(DATA FOR ANALYSIS begins)
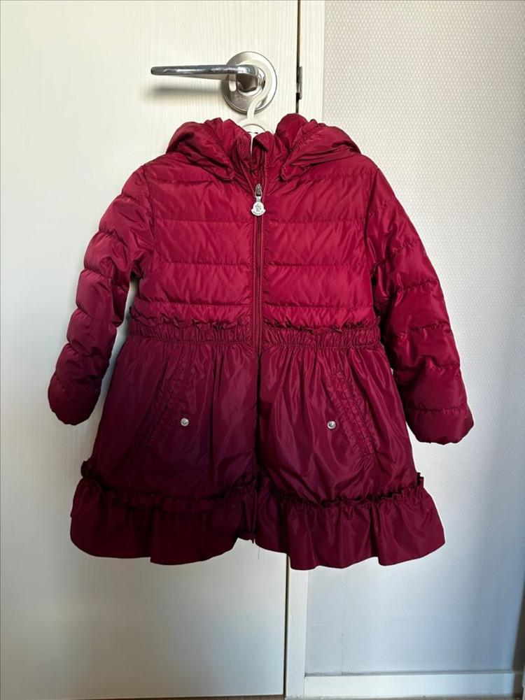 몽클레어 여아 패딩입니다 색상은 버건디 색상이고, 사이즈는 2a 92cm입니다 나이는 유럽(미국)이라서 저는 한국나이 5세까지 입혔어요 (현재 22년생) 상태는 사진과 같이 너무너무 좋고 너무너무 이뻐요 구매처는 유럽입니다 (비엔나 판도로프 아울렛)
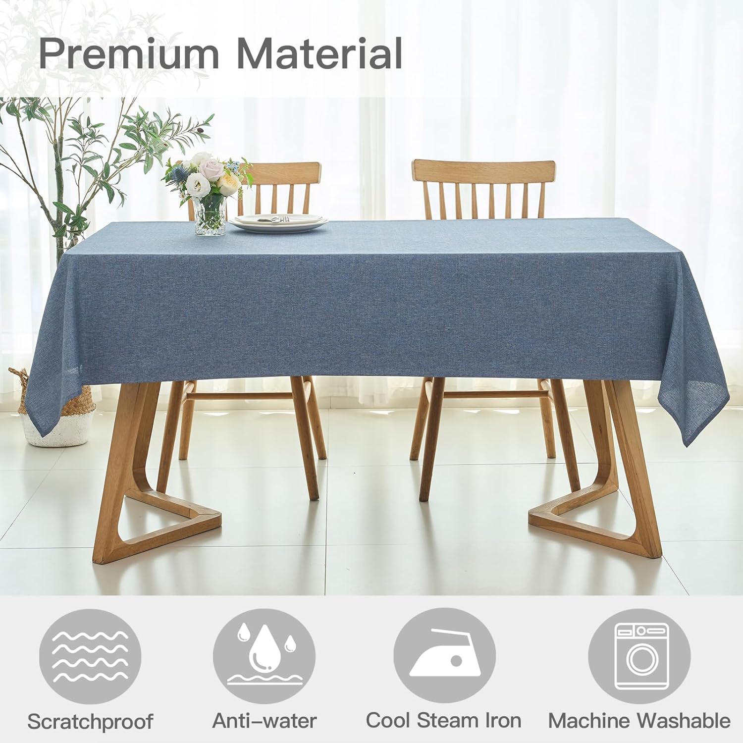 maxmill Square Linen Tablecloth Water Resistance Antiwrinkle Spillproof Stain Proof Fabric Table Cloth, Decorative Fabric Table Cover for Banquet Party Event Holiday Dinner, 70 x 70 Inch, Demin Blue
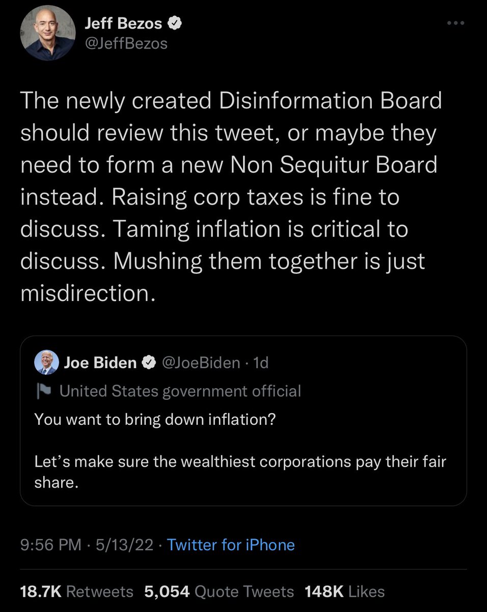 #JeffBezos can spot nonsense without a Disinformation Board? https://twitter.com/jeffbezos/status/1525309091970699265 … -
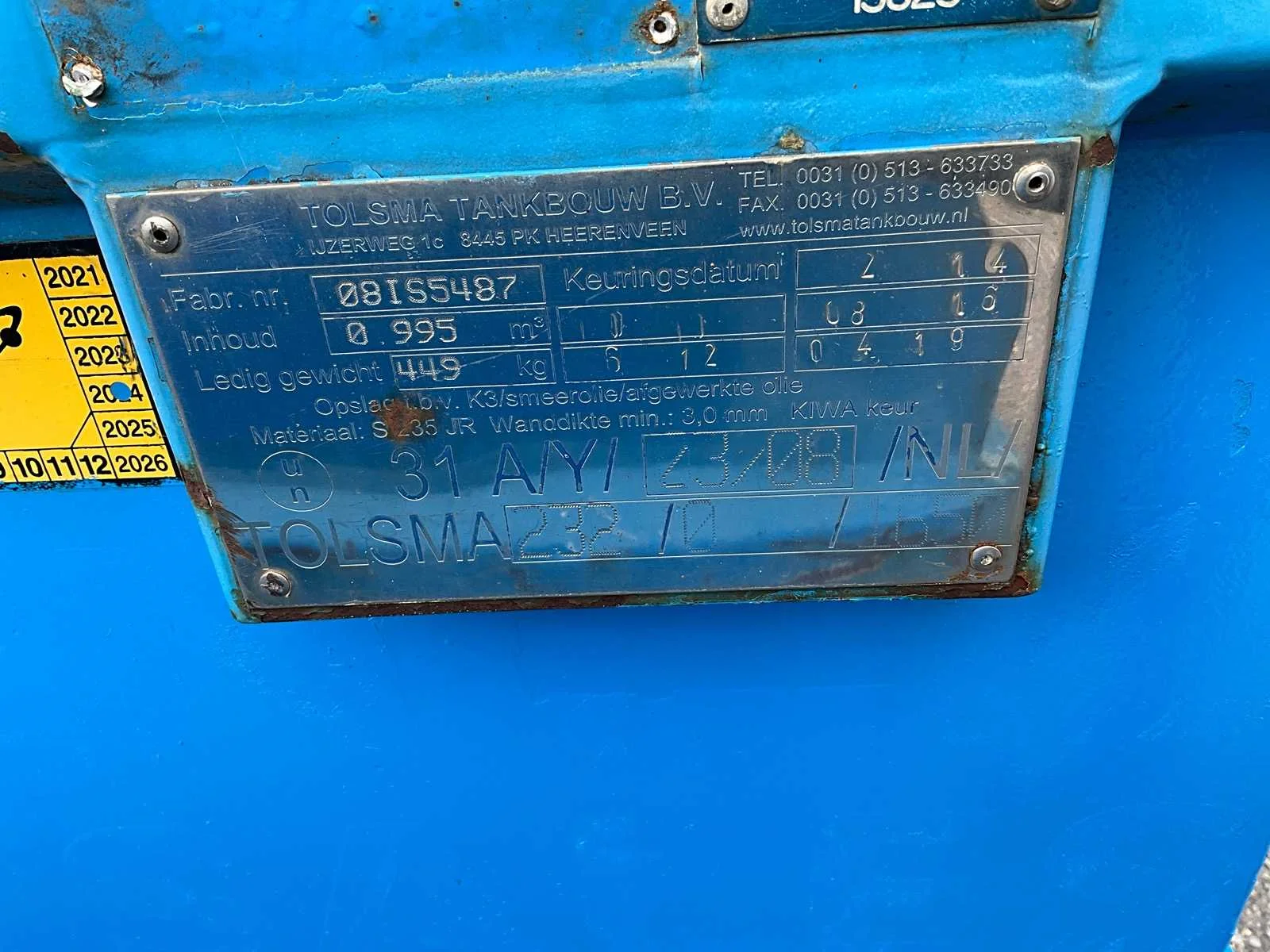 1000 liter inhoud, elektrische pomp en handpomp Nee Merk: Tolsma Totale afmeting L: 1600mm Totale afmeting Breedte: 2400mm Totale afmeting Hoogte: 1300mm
(DATA FOR ANALYSIS ends)
(DATA FOR ANALYSIS begins)
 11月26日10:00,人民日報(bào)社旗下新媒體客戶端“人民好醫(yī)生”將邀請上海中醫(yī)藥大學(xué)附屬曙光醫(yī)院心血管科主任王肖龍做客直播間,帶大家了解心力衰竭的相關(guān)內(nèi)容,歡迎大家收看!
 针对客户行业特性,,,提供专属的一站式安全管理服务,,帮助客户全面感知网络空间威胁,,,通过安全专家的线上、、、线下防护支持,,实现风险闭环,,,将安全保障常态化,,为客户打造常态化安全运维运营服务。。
(DATA FOR ANALYSIS ends)
(DATA FOR ANALYSIS begins)
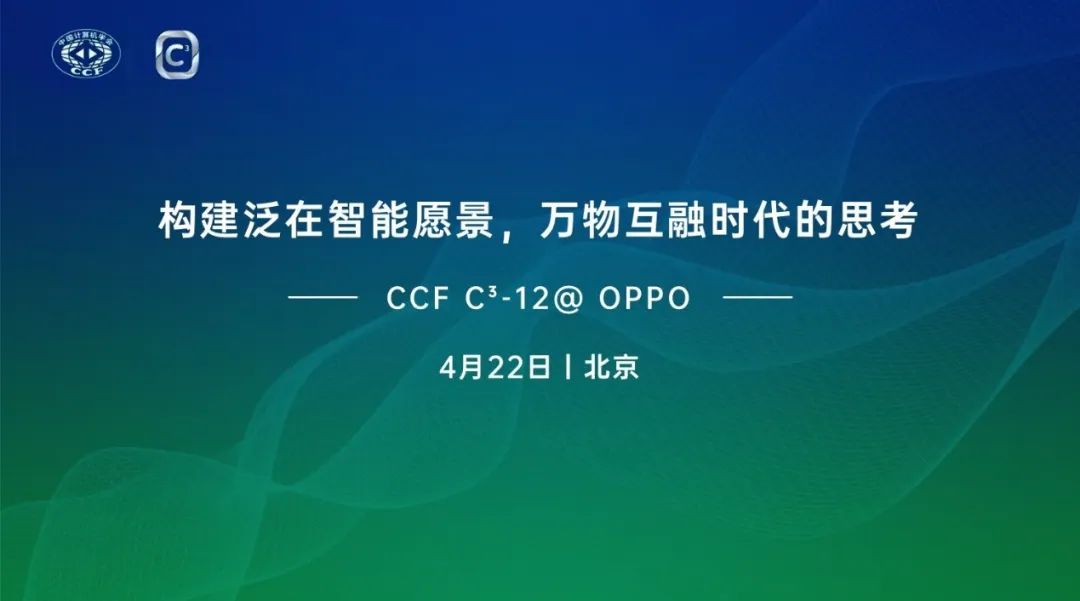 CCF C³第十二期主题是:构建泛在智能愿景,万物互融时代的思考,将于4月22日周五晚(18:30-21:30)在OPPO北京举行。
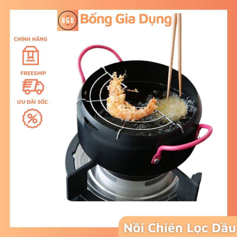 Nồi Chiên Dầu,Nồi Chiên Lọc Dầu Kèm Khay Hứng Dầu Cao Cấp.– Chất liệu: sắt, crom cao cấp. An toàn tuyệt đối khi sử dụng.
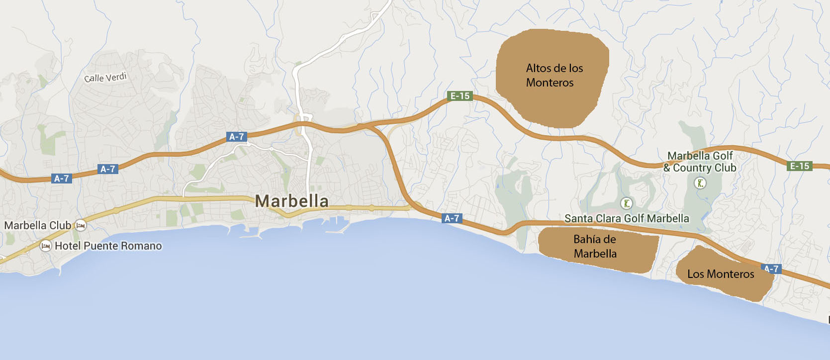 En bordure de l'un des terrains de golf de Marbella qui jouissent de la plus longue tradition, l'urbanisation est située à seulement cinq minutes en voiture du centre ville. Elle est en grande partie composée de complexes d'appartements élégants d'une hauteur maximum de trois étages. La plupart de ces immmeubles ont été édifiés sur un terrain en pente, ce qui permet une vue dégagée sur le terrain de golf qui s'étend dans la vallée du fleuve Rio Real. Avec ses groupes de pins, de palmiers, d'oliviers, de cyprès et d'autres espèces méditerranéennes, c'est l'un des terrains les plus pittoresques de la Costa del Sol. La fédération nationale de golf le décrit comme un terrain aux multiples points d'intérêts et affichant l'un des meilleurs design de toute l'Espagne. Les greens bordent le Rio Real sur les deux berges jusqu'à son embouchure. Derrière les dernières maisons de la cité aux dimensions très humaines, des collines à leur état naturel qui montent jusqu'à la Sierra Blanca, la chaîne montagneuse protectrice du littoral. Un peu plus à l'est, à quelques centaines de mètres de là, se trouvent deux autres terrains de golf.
(DATA FOR ANALYSIS ends)
* **EXERCISE**: Nothing outside the stretch above, from the line with "몽클레어 여아 패딩입니다" through the line with "maxmill Square Linen", is set down. Transcribe that stretch exactly, ends included, but not its pictures.

* **RESPONSE TO THE EXERCISE**:
 몽클레어 여아 패딩입니다 색상은 버건디 색상이고, 사이즈는 2a 92cm입니다 나이는 유럽(미국)이라서 저는 한국나이 5세까지 입혔어요 (현재 22년생) 상태는 사진과 같이 너무너무 좋고 너무너무 이뻐요 구매처는 유럽입니다 (비엔나 판도로프 아울렛)
 maxmill Square Linen Tablecloth Water Resistance Antiwrinkle Spillproof Stain Proof Fabric Table Cloth, Decorative Fabric Table Cover for Banquet Party Event Holiday Dinner, 70 x 70 Inch, Demin Blue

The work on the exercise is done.